Einen tiefen Einschnitt bildete der Dreißigjährige Krieg, unter dem Groß Ziethen enorm zu leiden hatte, "nur 2 Bauern und ein paar Witwen blieben am Leben". Ab 1686 wurden in dem Dorf, das nach der Säkularisierung des Klosters dem neuen kurfürstlichen Amt Chorin unterstand, französische Glaubensflüchtlinge angesiedelt, ab 1689 auch Kolonisten aus der Pfalz. In Groß Ziethen und im benachbarten Klein Ziethen entstanden französisch-reformierte Gemeinden, die für ihre Gottesdienste die vorhandenen mittelalterlichen Kirchen nutzen durften. Erst unter dem Eindruck der beginnenden Befreiungskriege wurde in Groß Ziethen das Deutsche zur Sprache der Gottesdienste; die Kirchenbücher wurden sogar noch bis 1844 in französischer Sprache geführt.

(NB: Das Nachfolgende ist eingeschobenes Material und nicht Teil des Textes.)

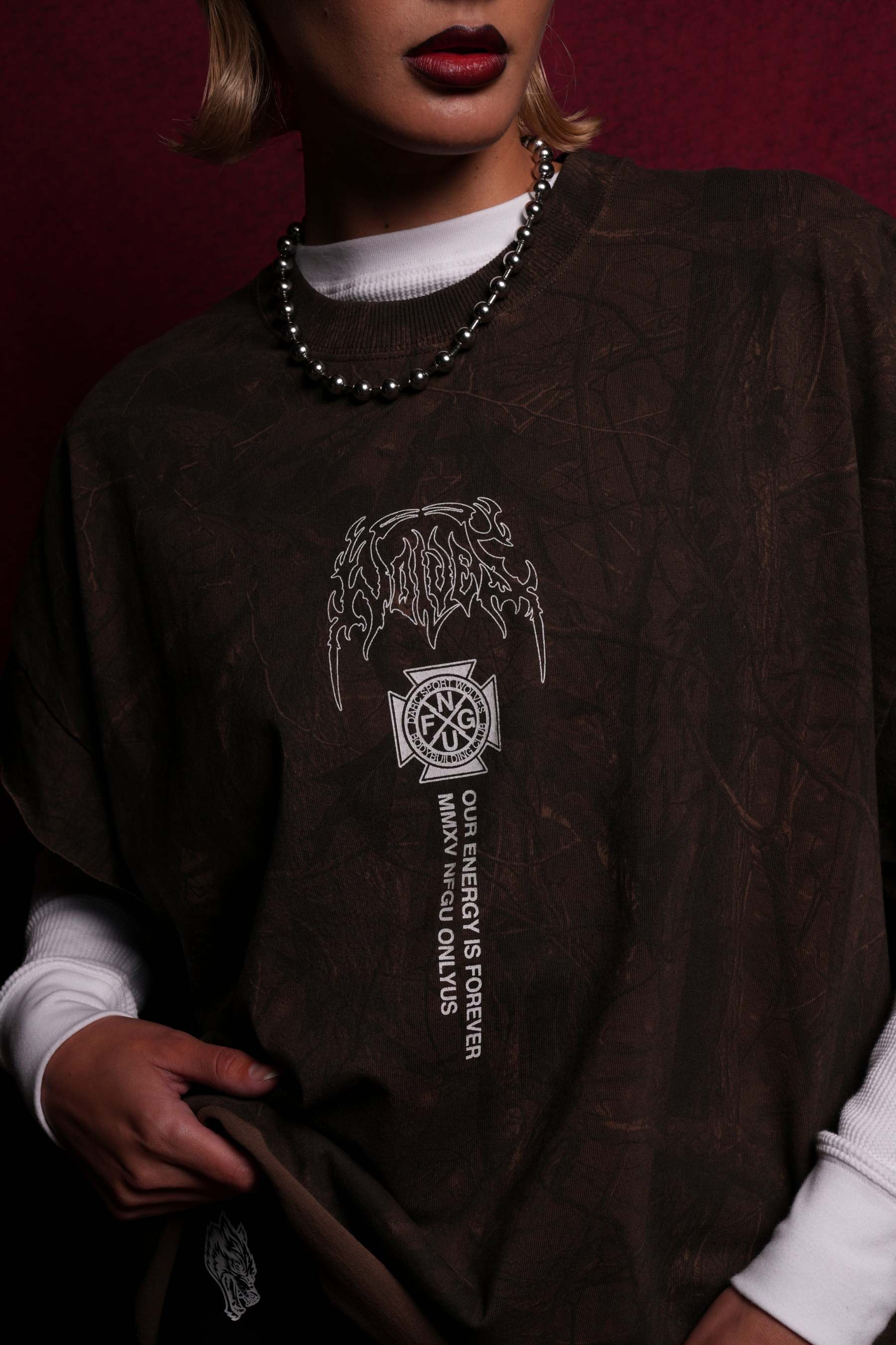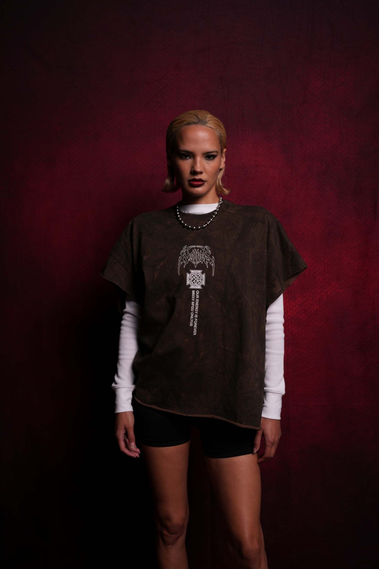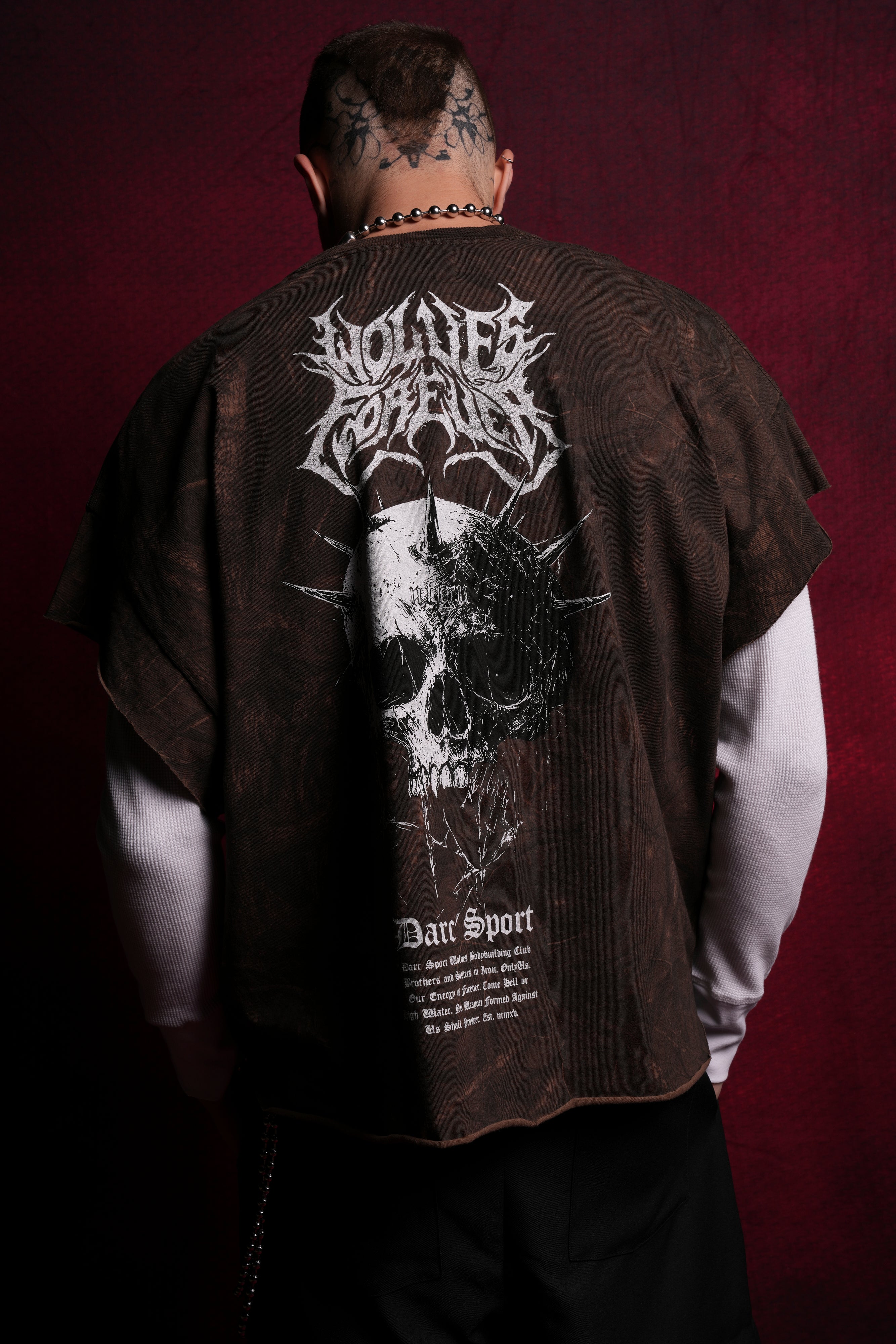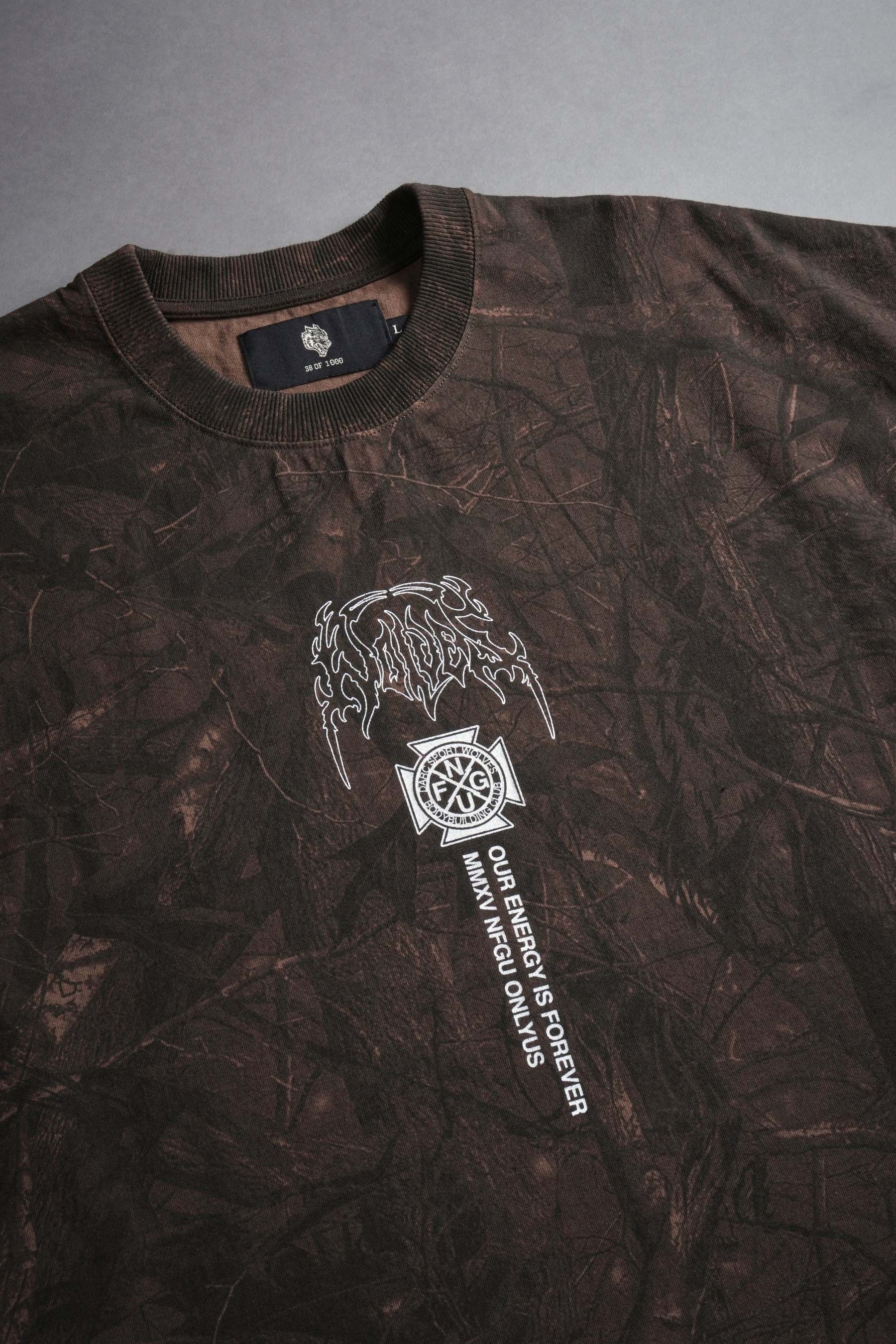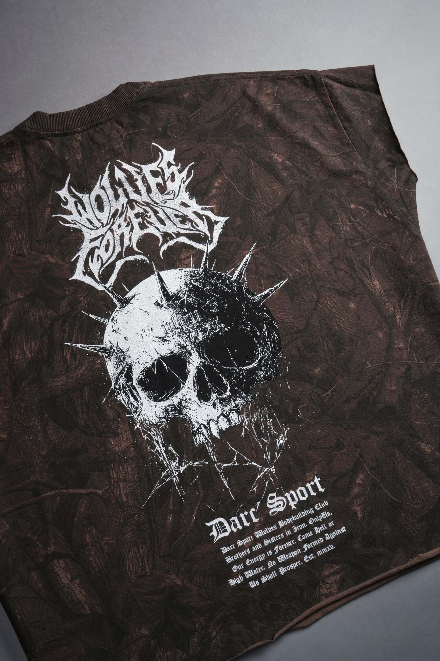 Mourning Star "Grunge" Cut Off Tee in Brown Driftwood Forest Camo

Welchen Stellenwert die französisch-reformierte Gemeinde in Groß Ziethen hatte, zeigt die Tatsache, dass die wenigen lutherischen Einwohner bis zur Gründung einer "lutherischen Anschlussgemeinde" im Jahr 1855 die Gottesdienste im neun (!) Kilometer entfernten Brodowin besuchen mussten.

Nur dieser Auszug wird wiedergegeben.